Impossible hier, obsolète dès demain

Dire que le travail relié à la couverture du Canadien - c'est aussi vrai pour tous les autres sports professionnels et/ou amateurs - a changé est un euphémisme. Il n'a plus rien à voir avec ce qu'il était il y a 15, 10, voire cinq ans.

L'identité du gardien partant pour le prochain match, celle des gars rayés de la formation, voire la composition des trios sont réclamés par les amateurs alors que les entraînements et les échauffements d'avant-match ne sont pas même complétés.

Lorsque le Canadien marque ou que Carey Price se fait déjouer, les compliments, critiques et questions reliées au niveau de responsabilité des joueurs pris en défaut déferlent avant même que l'arbitre n'ait remis la rondelle en jeu. Et si les réponses ne sont pas «gazouillées» sur Twitter avant la fin de la confirmation officielle lancée par Michel Lacroix au Centre Bell, les amateurs se plaignent alors du fait que la ou les réponses se font attendre. Simonac! Il y a cinq ans à peine, ces réponses étaient offertes dans La Presse du lendemain matin...

Autres exemples de développement vertigineux de la transmission d'informations des dernières années, la LNH explique presque en temps réel les décisions controversées des arbitres et les motifs qui ont permis d'accepter ou de refuser un but.
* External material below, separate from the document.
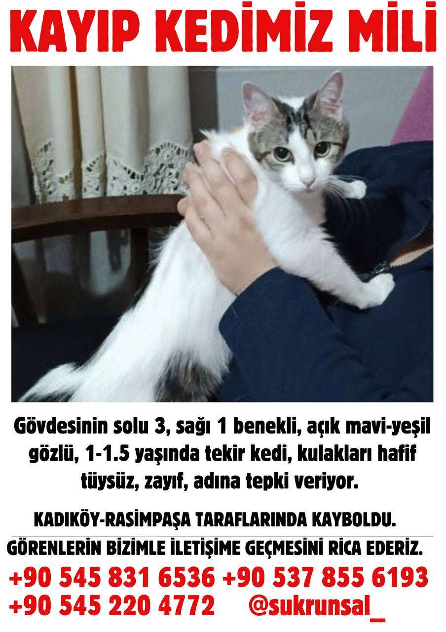 9 Haziran Pazartesi günü öğlen saatlerinde Rasimpaşa Mahallesi, Macit Erbudak sokak yakınlarında evden kaçtı. Yabancılardan korkan biraz saldırgan bir kedi. Kendi ismine tepki veriyor. Genelde tutmak kolay. Arkadaşımızın kedisi olduğu için bulunması biraz acil.
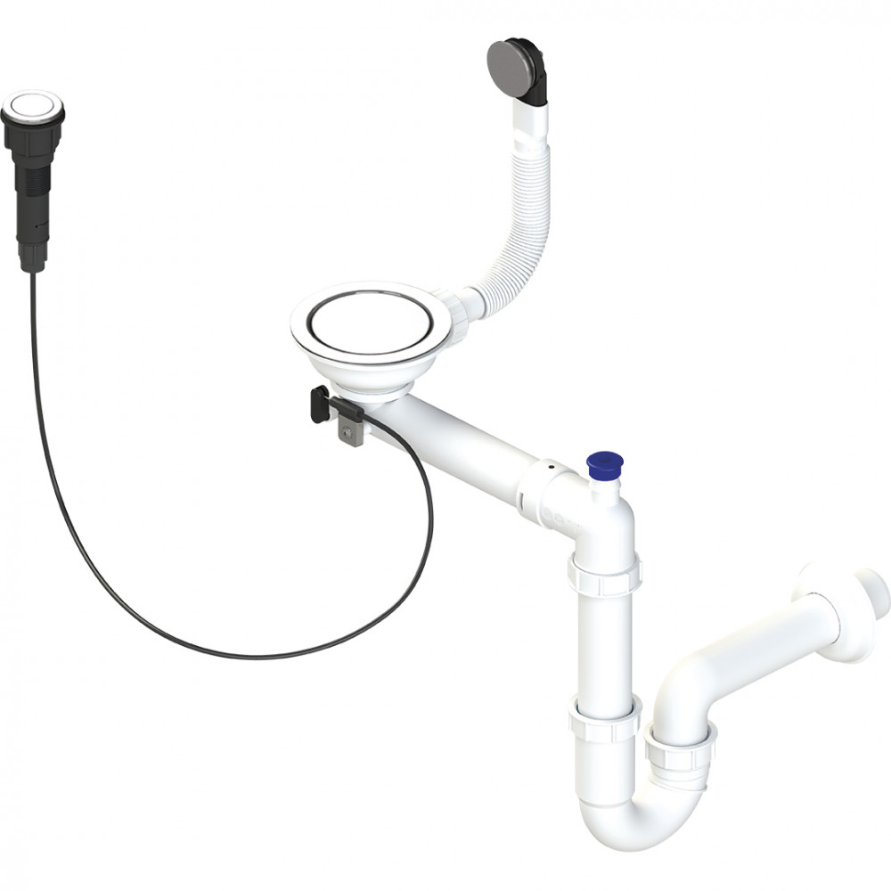 Laveo helytakarékos szifon pneumatikus vezérlésű távműködtető dugókeiemlővel, 3,5″-os kosárral, kerek túlfolyóval, mosogatógép csatlakozóval.

Que dire aussi des bandes vidéo par lesquelles Brendan Shanahan justifie la sévérité ou la clémence affichée dans le cadre des suspensions qu'il impose aussitôt la diffusion de la nouvelle.

Mais ce n'est pas tout: si vous êtes vraiment bien branchés, vous pouvez même échanger des «textos» avec un responsable de la LNH, un arbitre, un joueur et même un entraîneur-chef pendant un entracte ou lors d'un point de presse.

Cette nouvelle réalité n'a pas que du bon à offrir. Que non! Même que la soif de la primeur entraîne sa part de conséquences fâcheuses et désolantes.

De fausses nouvelles lancées sur Twitter par des idiots qui usurpent l'identité de journalistes reconnus, respectés et bien branchés font souvent 10, 50, 100 fois le tour de la planète hockey avant de pouvoir être démenties.

Des rumeurs lancées par des geeks sur des sites dont la qualité laisse croire qu'ils en savent autant sur le hockey qu'en informatique polluent quotidiennement la Toile.

Ski, golf, Formule 1

Le hockey n'est pas le seul sport dont les nouvelles, résultats et rumeurs se retrouvent sur les ordis, tablettes et autres téléphones intelligents des amateurs qui veulent toujours en savoir plus et plus vite à la vitesse grand V.

La F1 vous passionne? Vous pouvez suivre en temps réel les qualifications et les courses avec les temps de passage, la durée des arrêts aux puits et toutes les informations pertinentes. Vous pouvez même suivre la voiture de votre pilote favori sur la réplique du parcours que vous propose votre écran.

Même chose en ski alpin, alors que vous pouvez suivre, presque au virage près, une descente d'Erik Guay. Et si un doute s'installe dans votre tête à savoir si le skieur québécois écrit son prénom avec un «k» comme Erik Cole ou un «c» comme Eric Lindros, s'il est né à Québec ou à Montréal, s'il a 30 ou 31 ans, ou si c'est bien à Garmish ou Val d'Isère qu'il est monté sur la plus haute marche du podium pour la première fois, une visite sur Google ou mieux encore sur son site personnel [erikguay.com] vous offrira toutes les réponses en moins de temps qu'il n'en faut pour écrire World Wide Web!

Et on n'est jamais plus loin qu'à un mot de passe du classement général de la NFL, de la NBA, du tableau des meneurs du tournoi de golf de la PGA ou d'un message de 140 caractères pour dire aux partisans du Canadien que leur équipe n'accédera pas aux séries cette année ou aux enfants que papa sera encore en retard pour souper. Il faut croire que c'est ça le progrès.